(Closed) Past event impacting relationship!

posted 6 years ago in Intimacy
Post # 3
Member
250 posts
Helper bee
  • Wedding: October 2012

I’m having a hard time understanding why this is stressing you out? Maybe you could elaborate?

Plenty of us, I would almost say the majority have had some kind of incident where we accidentally saw too much of someones sex life.

When I first read your post it reminded me of when I was 12 and visiting my aunt and her husband. I thought it would be funny to hide under their bed to jump out and scare them when they came in-not the case. They hit the bed and starting going at it! I had missed my window of oppotunity and had become an accidental creep. I inched my way out from under the bed made a run for the door to which they both jumped up at the sound of the door to which I acted as if I was entering rather than leaving, rubbed my eyes and asked “do you have any tylenol?” YEAH, now that’s akward. 

That gets filed i the mortifying/funny now place.

Post # 5
Member
2360 posts
Buzzing bee
  • Wedding: April 2018

I’m not really understanding how this is affecting your relationship now, or what exactly it is that’s bothering you?

Shoot… TONS of kids walk in on their parents, even. It’s not that uncommon of a thing to happen.

Post # 6
Member
250 posts
Helper bee
  • Wedding: October 2012

@Kacey23:  Ok I get that you get a yucky feeling knowing that they KNEW you would come out of that room and potentially see them. You’re right, yuck! But it was probably just an immature spontaneous thing. She was 22. She probably hoped it would be over or that your shower would have lasted longer. Unless there’s some horrible detail that you are omitting I would say it’s time to get over it. Clearly you can’t and I wonder why.. I will read your previous posts to get a better undestanding of your stance on life/sex. 

Post # 7
Member
2959 posts
Sugar bee
  • Wedding: May 2014

 I have walked in on others having sex from the age of 6 years old on. MY child walked in on me having some lovely afternoon sex when she was very young, like four years old. I really do think it happens to the majority of us at some point in our lives. It can be embrassing at the time but usually it becomes more humorous as time goes on.

Post # 9
Member
578 posts
Busy bee

i agree with PP. while it was probably really awkward for you, its probably time to get over it, darlin. don’t let it affect your relationships now. this same thing has happened to most of us! awkward but not a big thing. no use trying to talk to her about it, i wouldnt want to talk about it if i was her either lol

Post # 10
Member
2360 posts
Buzzing bee
  • Wedding: April 2018

Well I’m sure it was awkward for her, too. I definitely wouldn’t want to talk about it, either!

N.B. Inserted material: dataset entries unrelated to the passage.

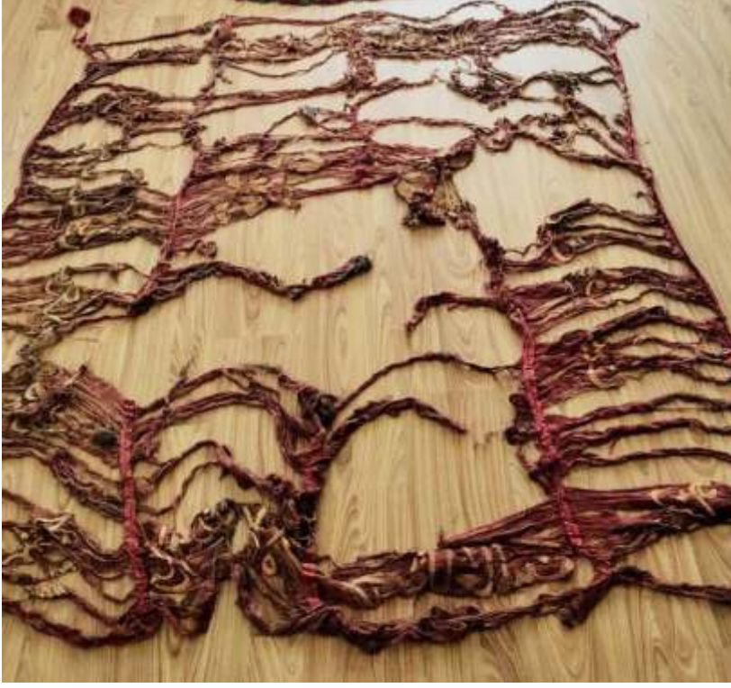
Resim-6) II Nolu sancağın konservasyonu yapılmadan önceki hali.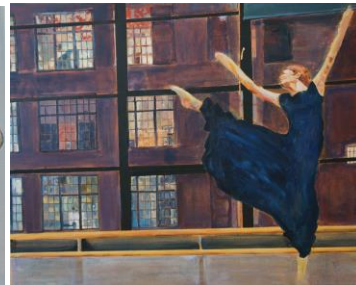
New York 2009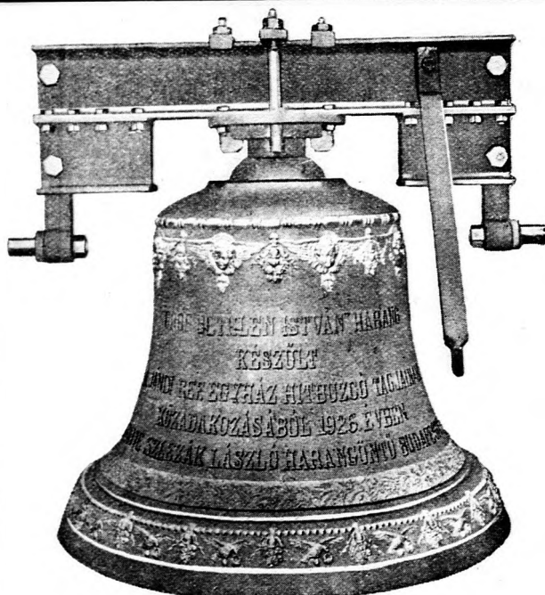
Jándi református egyházközségnek szállított 598 kilogrammos „Gróf Bethlen István-harang“

Magyar gyártmányú zománc-edények, zsír-bödönök, dísznőllő-kések, húsvágó-gépek.

What on earth do you want to talk to her about it for? XD

Post # 12
Member
508 posts
Busy bee
  • Wedding: April 2013

Is it the fact you saw her going at it or that the awkwardness from said incident impacting your relationship with this girl that’s bothering you?

Post # 13
Member
706 posts
Busy bee
  • Wedding: August 2012

I too am having trouble understanding why this bothers you so much. You were 16 at the time? And how old are you now? Sex is a natural thing and it was between two consenting adults. It was an awkward situation, sure, but it should really not be impacting you so much now. Are you uncomfortable with your own sexuality? Pardon my crudeness, but were you turned on by what you saw, and disturbed by your reaction? I’m trying to get a better sense of what you mean when you say that you’re “stressed out” by this memory. You definitely had no reason or obligation to tell your parents, since your friend was an adult, you were nearly an adult, and nobody got hurt in the situation. So you can let go of that guilt, if you have any.

Are you sexually active? I don’t mean to intrude, but I’m trying to better understand the context of these feelings. It seems to me like this should fade away as you get a more mature view on sex. I can understand a 16 year-old being shocked by walking in on her friend getting frisky, but it seems odd to me that an adult would be hung up on this.

In any case, I think it’s definitely time to let go of this memory if you are able to do so.

Post # 14
Member
706 posts
Busy bee
  • Wedding: August 2012

Also, in what way did you try to broach the subject with your friend? It’s an awkward situation all around and I probably wouldn’t want to talk about it if I were her, either. but I can imagine her reacting VERY differently to you if you approached her by saying “Hey, sorry I interrupted you guys, that was super awkward!” vs. “I’m very concerned that you are having premarital sex, and am offended that you chose to do so in my vicinity,” ya know? It might help us understand the situation better if you gave us more specifics.

Post # 16
Member
533 posts
Busy bee

Why is this effecting you so much? I’m really having a hard time that THIS one little incident is causing you much grief. I’m assuming from your username you are 23? You really need to it laugh it off and move on with your life. If something this small is still causing you to be crazy, I wouldn’t want to know what happens to you when bigger incedients occur.